There is an old saying, especially in the southern states: "If it ain't broke, don't try to fix it!"
My SB-200 has the original configuration and it works fine! The only thing that I did, when I "acquired it", was to replace the electrolytic capacitors and the diodes in the power supply. I recently obtained this particular SB-200 to finish the re-creation of my primary station from 1967 to 1972.
Thanks for the replies! I bought this amp last summer from a club stating it was in good operating condx. That was found to be true and I was happy with how well it worked. I did however decide to refurb some of its components such as caps, resistors, diodes, etc. that are well described by hams who authored mods found on the internet. I also incorporated such mods as the Harbach Soft Start and Soft Key. I have not as yet done anything to the power supply pcb or its components but I may decide to also replace the ps with the improved Harbach PS pcb/components. I think by giving this amp a little tlc can't hurt it any. If my question about the suppressor circuits seems dumb then by all means, ignor it and forgive me for sounding stupid. I'd rather ask then guess. Thanks to all who reply!
There is a whole lot of nonsense passed around about parasitic suppressors. It has almost become one west coast ham's sole purpose in life to say all the manufacturers from Alpha through Collins through Yaesu are in some giant conspiracy to use bad suppressors. He of course has the only cure, and if you send him money he will supply the only cure. :-)

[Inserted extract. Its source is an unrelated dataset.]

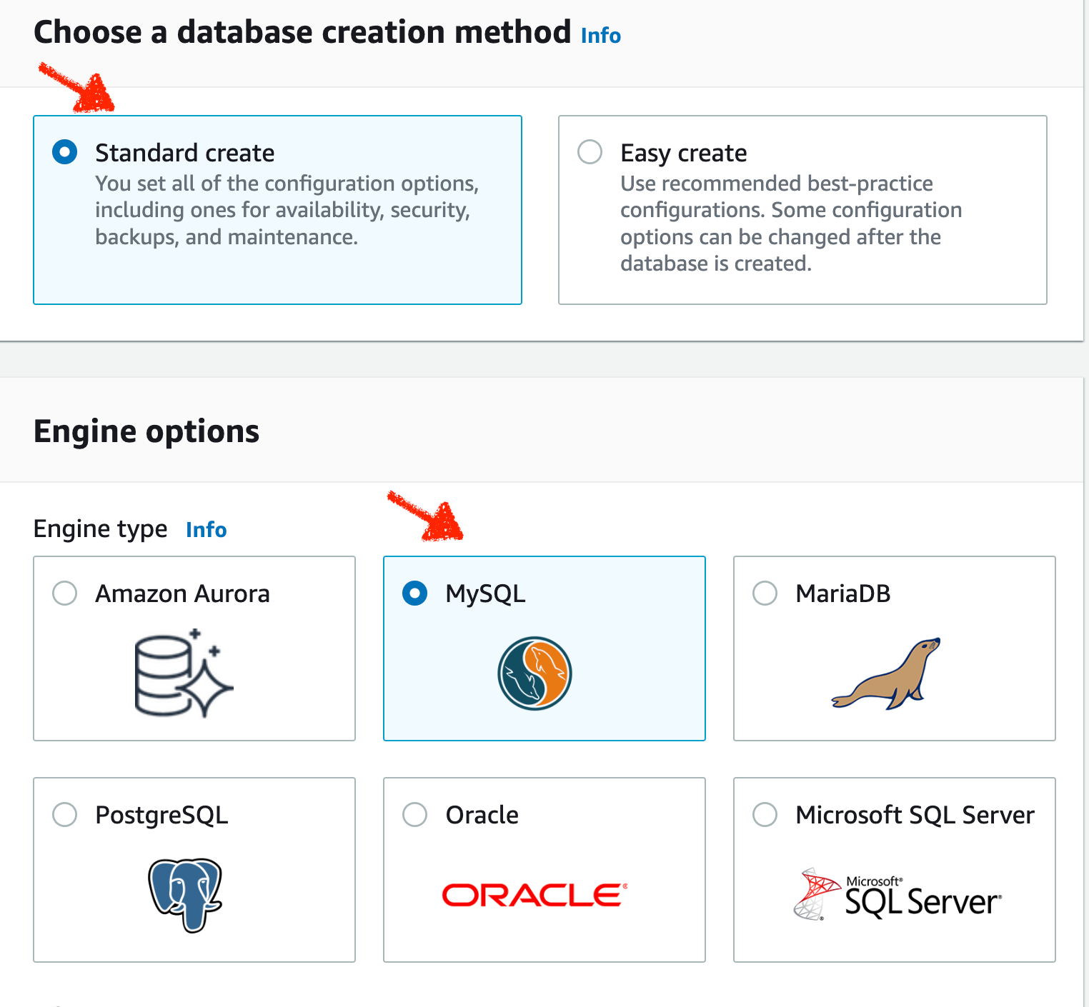 - Choose "RDS" in AWS management console, and choose "Create database"
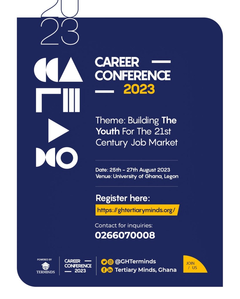 The program is aimed at building and developing the professional competencies of tertiary students and young graduates in Ghana to meet the 21st century job market demands. The focus of the Career Conference is to provide participants with self-development and leadership training through lectures, seminars, workshops, dialogues, team-building, entrepreneurship group project.

Very few problems relate to parasistic suppressors. The only time there is a problem is when something breaks, like a resistor goes off value. Changing the entire design of something that works for 40 years, just because a carbon resistor subjected to constant very high temperatures while operating goes off value, is not a good idea. Replace any bad parts.
The LAST thing I would do to an SB200 is change to a hairpin suppressor.
When you are all done with all those nice mods and fancy updates to the SB200, you will have an SB200 that lasts and works just about like the original unit. If thousands of them worked fine and lived 40 or 45 years without the mods, don't expect to see much of a change.